Corporate transparency ‘critical’ across supply chains in conflict zones: GRI

Corporate transparency is “critical” during conflicts and wars amid growing expectations over conflict-sensitive due diligence, according to the Global Reporting Initiative (GRI).

In a policy paper, the GRI says businesses increasingly need to be transparent about their activities and supply chains in regions at risk of conflict or war.

But Peter Paul van de Wijs, chief policy officer at the GRI, said “there is no ‘one-size-fits-all’ approach”.

“Each company will have specific impacts to consider related to the nature of the conflict, their business model and presence of staff in the conflict area,” he said.

“Through stakeholder engagement and a comprehensive assessment of what’s relevant in a conflict, the GRI Standards enable organisations to understand their impact, which is the starting point for a well-considered response strategy. Transparency brings accountability; it’s what turns the guidelines on due diligence into powerful tools that facilitate action,” he added.

Setting out new advice for companies, in line with intergovernmental guidelines from the UN and OECD, GRI listed five essential pointers for corporate due diligence during conflict:

  • Due diligence requires continuous communication: Companies need to regularly monitor changes to risks and impacts – from the conflict itself, and through their activities and operations. Maintaining close contact with key stakeholders – such as staff, business partners and local communities – is essential.
  • Actions depend on the nature of the company and the conflict: Conflicts can emerge or change dynamically and businesses need to be ready to reassess decisions on mitigating measures.
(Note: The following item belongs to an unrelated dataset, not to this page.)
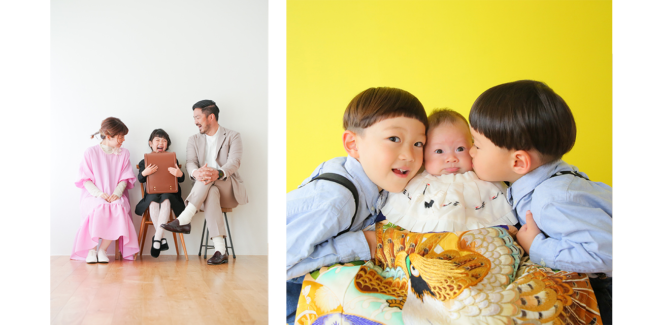 マタニティ・お宮参り・ハーフバースデー・誕生日・七五三・入学・卒業・還暦といったライフイベントの記念はもちろん、特別な日ではなくても、毎年の成長の記録にご来店いただけます。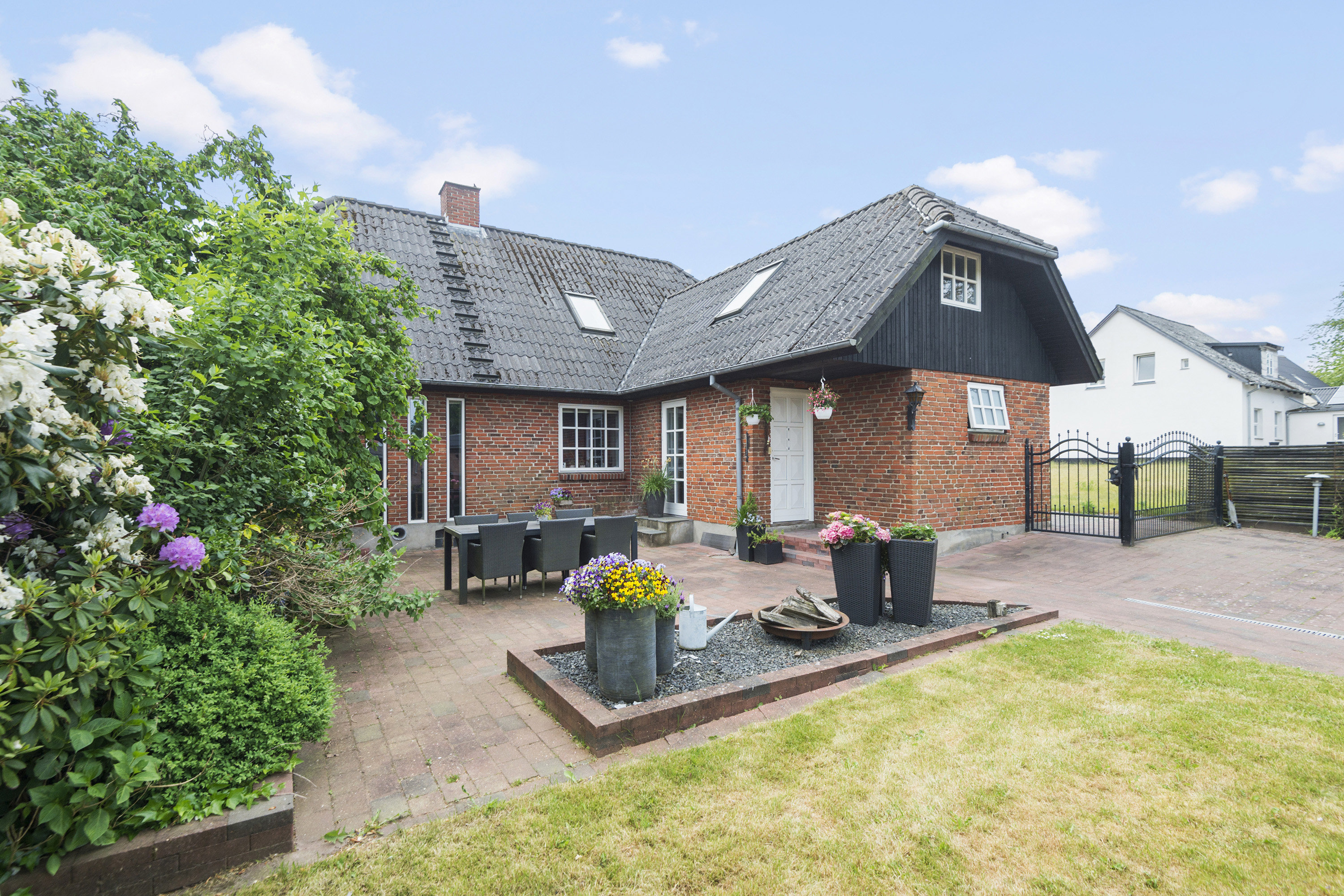 Huset byder velkommen med en flot, klassisk rødstensfacade og en hyggelig, lukket have med flisebelagt terrasse, grønne bede og god plads til både afslapning og leg. Her er plads til at nyde solen i rolige rammer, mens den centrale beliggenhed giver nem adgang til både bymidte, indkøb og daglige gøremål.

For example, national conflicts can spread internationally, or areas of operations might switch from government control to armed non-state groups. That means risk assessment, including human rights due diligence, is not a one-off exercise.
  • Information is needed from multiple external sources: The ability to carry out full, conflict-sensitive risk and impact assessments may be challenging or impossible. Input from civil society actors, such as NGOs or human rights defenders, helps build a picture of the reality on the ground, while highlighting information gaps that need to be addressed.
  • Recognition that tough decisions can be required: A company may face contrasting demands from different stakeholder groups – such as employees, communities and consumers. For example, how a business balances the international reputational damage associated with their presence in an area of conflict with their responsibilities locally towards those who rely on their goods, services or employment.
  • Exiting a conflict-affected area brings obligations: Reaching a decision to cease operations needs risk assessment that involves and engages employees, local communities and human rights defenders. For example, identifying steps to ensure local staff receive income for the duration of the crisis, or capacity-building to mitigate the loss of employment.

Andrea Pradilla, director of GRI Latin America, said: “When you are working in a conflict, or you’re trying to build peace, it’s essential to create wide-ranging, multi-stakeholder partnerships. That takes time and commitment, but it’s the only way forward.”

Drawing on her experience of working in Colombia, Pradilla added that companies operating in the country “began to see GRI reporting as about more than just ‘a report’”.

“It became a way to communicate with stakeholders and tell the story of how they were navigating this complex context. Reports stopped being a monologue and became a dialogue,” she said.